* _Exercise_: Keeping every character in place, output all the data.

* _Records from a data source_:

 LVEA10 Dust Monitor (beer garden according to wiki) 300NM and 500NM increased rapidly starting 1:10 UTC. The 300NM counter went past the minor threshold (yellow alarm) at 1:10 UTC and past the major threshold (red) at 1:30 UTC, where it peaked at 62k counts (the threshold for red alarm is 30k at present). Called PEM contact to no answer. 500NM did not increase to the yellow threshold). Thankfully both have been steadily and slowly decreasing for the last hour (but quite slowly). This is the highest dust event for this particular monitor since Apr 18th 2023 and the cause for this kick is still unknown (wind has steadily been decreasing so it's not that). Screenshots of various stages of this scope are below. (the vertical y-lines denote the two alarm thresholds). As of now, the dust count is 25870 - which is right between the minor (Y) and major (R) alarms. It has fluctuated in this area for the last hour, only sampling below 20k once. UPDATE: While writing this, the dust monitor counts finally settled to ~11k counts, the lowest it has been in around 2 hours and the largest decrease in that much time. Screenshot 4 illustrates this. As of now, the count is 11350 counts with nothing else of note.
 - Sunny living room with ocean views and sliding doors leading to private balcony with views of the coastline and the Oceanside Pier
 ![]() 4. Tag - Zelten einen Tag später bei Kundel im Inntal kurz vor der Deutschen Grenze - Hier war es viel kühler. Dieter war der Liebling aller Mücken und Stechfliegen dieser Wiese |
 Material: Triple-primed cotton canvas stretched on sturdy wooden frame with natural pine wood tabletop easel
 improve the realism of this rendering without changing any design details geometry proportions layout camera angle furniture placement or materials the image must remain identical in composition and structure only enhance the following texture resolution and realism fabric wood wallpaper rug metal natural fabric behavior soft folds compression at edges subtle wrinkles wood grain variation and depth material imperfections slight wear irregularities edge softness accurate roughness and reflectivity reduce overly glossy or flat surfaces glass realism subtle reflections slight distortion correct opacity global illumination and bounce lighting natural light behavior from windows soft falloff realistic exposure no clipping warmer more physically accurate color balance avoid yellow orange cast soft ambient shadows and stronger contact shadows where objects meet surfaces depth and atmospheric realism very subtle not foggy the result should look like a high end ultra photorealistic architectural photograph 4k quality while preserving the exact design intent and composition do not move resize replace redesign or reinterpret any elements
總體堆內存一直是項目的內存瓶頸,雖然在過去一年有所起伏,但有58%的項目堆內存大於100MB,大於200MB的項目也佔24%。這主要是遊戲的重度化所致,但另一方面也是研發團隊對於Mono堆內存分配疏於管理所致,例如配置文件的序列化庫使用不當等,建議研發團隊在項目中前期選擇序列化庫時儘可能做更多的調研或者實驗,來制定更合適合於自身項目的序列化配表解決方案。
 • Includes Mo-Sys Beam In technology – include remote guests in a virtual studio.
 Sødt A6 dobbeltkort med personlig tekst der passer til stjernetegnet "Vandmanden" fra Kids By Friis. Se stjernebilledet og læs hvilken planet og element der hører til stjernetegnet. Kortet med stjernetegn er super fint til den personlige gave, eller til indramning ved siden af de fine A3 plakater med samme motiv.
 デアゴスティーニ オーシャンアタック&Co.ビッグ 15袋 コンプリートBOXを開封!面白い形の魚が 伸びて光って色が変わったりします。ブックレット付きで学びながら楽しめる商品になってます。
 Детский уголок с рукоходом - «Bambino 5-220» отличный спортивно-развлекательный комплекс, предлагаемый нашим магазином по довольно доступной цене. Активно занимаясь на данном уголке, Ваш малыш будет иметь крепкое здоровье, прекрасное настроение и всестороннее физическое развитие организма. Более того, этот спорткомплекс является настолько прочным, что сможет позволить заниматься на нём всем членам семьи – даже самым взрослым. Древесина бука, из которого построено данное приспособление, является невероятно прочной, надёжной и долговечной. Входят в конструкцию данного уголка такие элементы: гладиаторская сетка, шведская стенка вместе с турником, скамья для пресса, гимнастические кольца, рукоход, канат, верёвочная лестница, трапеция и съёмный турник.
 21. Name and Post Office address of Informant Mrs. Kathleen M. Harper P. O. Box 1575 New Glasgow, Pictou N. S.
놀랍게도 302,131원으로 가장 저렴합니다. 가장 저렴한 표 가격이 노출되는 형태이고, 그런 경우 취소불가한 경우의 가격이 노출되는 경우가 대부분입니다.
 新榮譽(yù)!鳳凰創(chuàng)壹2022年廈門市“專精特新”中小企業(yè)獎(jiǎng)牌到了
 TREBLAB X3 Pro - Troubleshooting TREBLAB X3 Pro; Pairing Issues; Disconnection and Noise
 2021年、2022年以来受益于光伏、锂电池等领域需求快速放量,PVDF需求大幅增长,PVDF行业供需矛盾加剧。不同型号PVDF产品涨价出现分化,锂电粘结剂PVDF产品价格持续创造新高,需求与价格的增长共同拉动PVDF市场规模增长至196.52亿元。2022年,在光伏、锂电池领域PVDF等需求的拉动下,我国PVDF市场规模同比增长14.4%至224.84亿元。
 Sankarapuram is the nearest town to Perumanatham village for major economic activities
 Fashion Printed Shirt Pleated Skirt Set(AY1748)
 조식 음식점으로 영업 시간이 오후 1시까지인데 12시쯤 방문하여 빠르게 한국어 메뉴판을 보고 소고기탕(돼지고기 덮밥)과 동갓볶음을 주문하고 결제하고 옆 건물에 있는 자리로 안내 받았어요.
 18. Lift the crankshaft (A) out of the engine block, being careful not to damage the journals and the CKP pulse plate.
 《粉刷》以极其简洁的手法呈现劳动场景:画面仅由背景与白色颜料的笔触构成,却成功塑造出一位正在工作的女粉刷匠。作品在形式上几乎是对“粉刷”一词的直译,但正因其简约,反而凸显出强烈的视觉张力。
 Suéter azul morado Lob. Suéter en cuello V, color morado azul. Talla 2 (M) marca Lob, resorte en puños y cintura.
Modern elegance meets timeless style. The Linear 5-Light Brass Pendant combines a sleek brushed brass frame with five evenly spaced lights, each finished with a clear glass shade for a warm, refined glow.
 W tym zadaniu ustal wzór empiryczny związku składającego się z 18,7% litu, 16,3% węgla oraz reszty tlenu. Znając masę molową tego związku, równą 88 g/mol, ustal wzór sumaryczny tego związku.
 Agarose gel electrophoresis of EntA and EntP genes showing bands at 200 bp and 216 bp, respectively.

* _Your solution_:
 LVEA10 Dust Monitor (beer garden according to wiki) 300NM and 500NM increased rapidly starting 1:10 UTC. The 300NM counter went past the minor threshold (yellow alarm) at 1:10 UTC and past the major threshold (red) at 1:30 UTC, where it peaked at 62k counts (the threshold for red alarm is 30k at present). Called PEM contact to no answer. 500NM did not increase to the yellow threshold). Thankfully both have been steadily and slowly decreasing for the last hour (but quite slowly). This is the highest dust event for this particular monitor since Apr 18th 2023 and the cause for this kick is still unknown (wind has steadily been decreasing so it's not that). Screenshots of various stages of this scope are below. (the vertical y-lines denote the two alarm thresholds). As of now, the dust count is 25870 - which is right between the minor (Y) and major (R) alarms. It has fluctuated in this area for the last hour, only sampling below 20k once. UPDATE: While writing this, the dust monitor counts finally settled to ~11k counts, the lowest it has been in around 2 hours and the largest decrease in that much time. Screenshot 4 illustrates this. As of now, the count is 11350 counts with nothing else of note.
 - Sunny living room with ocean views and sliding doors leading to private balcony with views of the coastline and the Oceanside Pier
 ![]() 4. Tag - Zelten einen Tag später bei Kundel im Inntal kurz vor der Deutschen Grenze - Hier war es viel kühler. Dieter war der Liebling aller Mücken und Stechfliegen dieser Wiese |
 Material: Triple-primed cotton canvas stretched on sturdy wooden frame with natural pine wood tabletop easel
 improve the realism of this rendering without changing any design details geometry proportions layout camera angle furniture placement or materials the image must remain identical in composition and structure only enhance the following texture resolution and realism fabric wood wallpaper rug metal natural fabric behavior soft folds compression at edges subtle wrinkles wood grain variation and depth material imperfections slight wear irregularities edge softness accurate roughness and reflectivity reduce overly glossy or flat surfaces glass realism subtle reflections slight distortion correct opacity global illumination and bounce lighting natural light behavior from windows soft falloff realistic exposure no clipping warmer more physically accurate color balance avoid yellow orange cast soft ambient shadows and stronger contact shadows where objects meet surfaces depth and atmospheric realism very subtle not foggy the result should look like a high end ultra photorealistic architectural photograph 4k quality while preserving the exact design intent and composition do not move resize replace redesign or reinterpret any elements
總體堆內存一直是項目的內存瓶頸,雖然在過去一年有所起伏,但有58%的項目堆內存大於100MB,大於200MB的項目也佔24%。這主要是遊戲的重度化所致,但另一方面也是研發團隊對於Mono堆內存分配疏於管理所致,例如配置文件的序列化庫使用不當等,建議研發團隊在項目中前期選擇序列化庫時儘可能做更多的調研或者實驗,來制定更合適合於自身項目的序列化配表解決方案。
 • Includes Mo-Sys Beam In technology – include remote guests in a virtual studio.
 Sødt A6 dobbeltkort med personlig tekst der passer til stjernetegnet "Vandmanden" fra Kids By Friis. Se stjernebilledet og læs hvilken planet og element der hører til stjernetegnet. Kortet med stjernetegn er super fint til den personlige gave, eller til indramning ved siden af de fine A3 plakater med samme motiv.
 デアゴスティーニ オーシャンアタック&Co.ビッグ 15袋 コンプリートBOXを開封!面白い形の魚が 伸びて光って色が変わったりします。ブックレット付きで学びながら楽しめる商品になってます。
 Детский уголок с рукоходом - «Bambino 5-220» отличный спортивно-развлекательный комплекс, предлагаемый нашим магазином по довольно доступной цене. Активно занимаясь на данном уголке, Ваш малыш будет иметь крепкое здоровье, прекрасное настроение и всестороннее физическое развитие организма. Более того, этот спорткомплекс является настолько прочным, что сможет позволить заниматься на нём всем членам семьи – даже самым взрослым. Древесина бука, из которого построено данное приспособление, является невероятно прочной, надёжной и долговечной. Входят в конструкцию данного уголка такие элементы: гладиаторская сетка, шведская стенка вместе с турником, скамья для пресса, гимнастические кольца, рукоход, канат, верёвочная лестница, трапеция и съёмный турник.
 21. Name and Post Office address of Informant Mrs. Kathleen M. Harper P. O. Box 1575 New Glasgow, Pictou N. S.
놀랍게도 302,131원으로 가장 저렴합니다. 가장 저렴한 표 가격이 노출되는 형태이고, 그런 경우 취소불가한 경우의 가격이 노출되는 경우가 대부분입니다.
 新榮譽(yù)!鳳凰創(chuàng)壹2022年廈門市“專精特新”中小企業(yè)獎(jiǎng)牌到了
 TREBLAB X3 Pro - Troubleshooting TREBLAB X3 Pro; Pairing Issues; Disconnection and Noise
 2021年、2022年以来受益于光伏、锂电池等领域需求快速放量,PVDF需求大幅增长,PVDF行业供需矛盾加剧。不同型号PVDF产品涨价出现分化,锂电粘结剂PVDF产品价格持续创造新高,需求与价格的增长共同拉动PVDF市场规模增长至196.52亿元。2022年,在光伏、锂电池领域PVDF等需求的拉动下,我国PVDF市场规模同比增长14.4%至224.84亿元。
 Sankarapuram is the nearest town to Perumanatham village for major economic activities
 Fashion Printed Shirt Pleated Skirt Set(AY1748)
 조식 음식점으로 영업 시간이 오후 1시까지인데 12시쯤 방문하여 빠르게 한국어 메뉴판을 보고 소고기탕(돼지고기 덮밥)과 동갓볶음을 주문하고 결제하고 옆 건물에 있는 자리로 안내 받았어요.
 18. Lift the crankshaft (A) out of the engine block, being careful not to damage the journals and the CKP pulse plate.
 《粉刷》以极其简洁的手法呈现劳动场景:画面仅由背景与白色颜料的笔触构成,却成功塑造出一位正在工作的女粉刷匠。作品在形式上几乎是对“粉刷”一词的直译,但正因其简约,反而凸显出强烈的视觉张力。
 Suéter azul morado Lob. Suéter en cuello V, color morado azul. Talla 2 (M) marca Lob, resorte en puños y cintura.
Modern elegance meets timeless style. The Linear 5-Light Brass Pendant combines a sleek brushed brass frame with five evenly spaced lights, each finished with a clear glass shade for a warm, refined glow.
 W tym zadaniu ustal wzór empiryczny związku składającego się z 18,7% litu, 16,3% węgla oraz reszty tlenu. Znając masę molową tego związku, równą 88 g/mol, ustal wzór sumaryczny tego związku.
 Agarose gel electrophoresis of EntA and EntP genes showing bands at 200 bp and 216 bp, respectively.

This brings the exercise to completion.